Could diabetes lead to Alzheimer's? New research from Japan has connected the two diseases.
The findings of a new study could affect more than 100 million Americans who are diabetic or pre-diabetic.
Japanese researchers evaluated more than 1,000 elderly men and women for 15 years. The result was the most comprehensive study on the link between diabetes and dementia.
Researchers concluded that seniors with diabetes are twice as likely as the rest of the population to develop some form of dementia.
"The connection between diabetes and dementia is somewhat broad. Diabetes has long been known to be a risk factor for hardening of the arteries and hardening of the arteries as it affects the brain in turn can cause strokes," explained Dr. Richard Caselli, a neurologist at the Mayo Clinic.
"Many or otherwise and lead to now what is being called Vascular Dementia," he said.
Scientists say it is still unclear what exactly connects two diseases. But doctors say they are hopeful the new information can help them improve the lives of patients suffering from Alzheimer's.

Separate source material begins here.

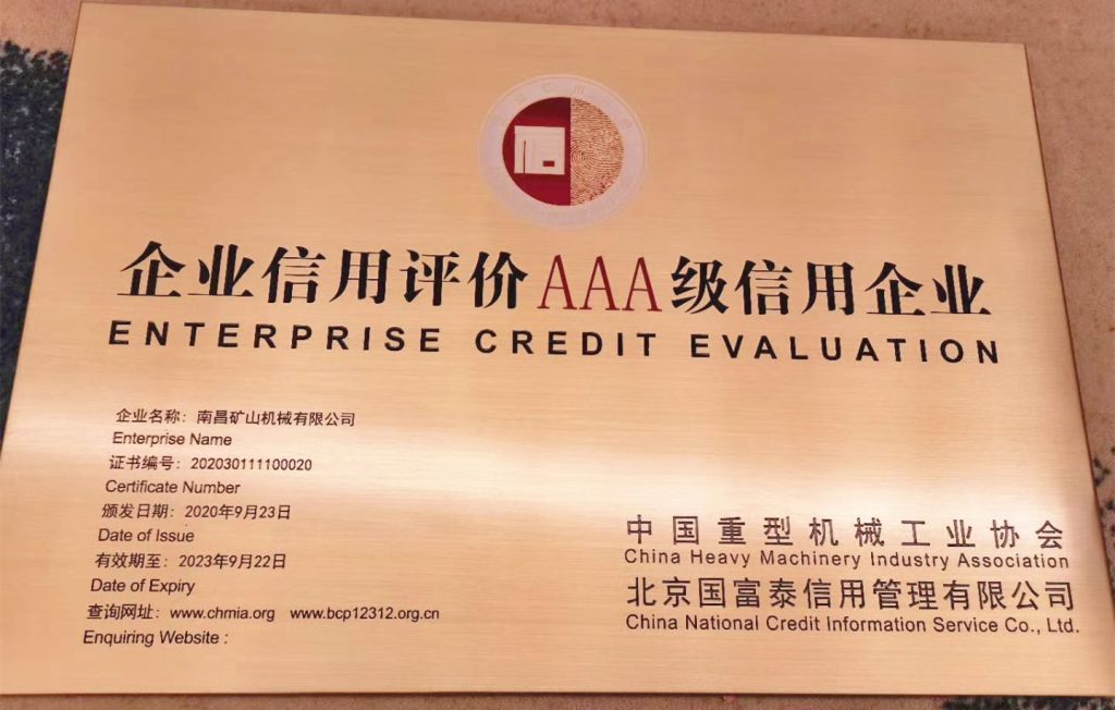 南昌礦機(jī)榮獲“企業(yè)信用評(píng)價(jià)AAA級(jí)信用企業(yè)”

They say the next step is understanding if using insulin to reduce sugar can somehow help with the symptoms of Alzheimer's.
"The idea that insulin might actually improve brain functioning in people with Alzheimer's disease really is a novel approach to treating the dementia associated with Alzheimer's," one doctor remarked.
Physicians say the study is a reminder for people to work to reduce their risk factors for diabetes and for those who already have diabetes to keep their blood sugar under control.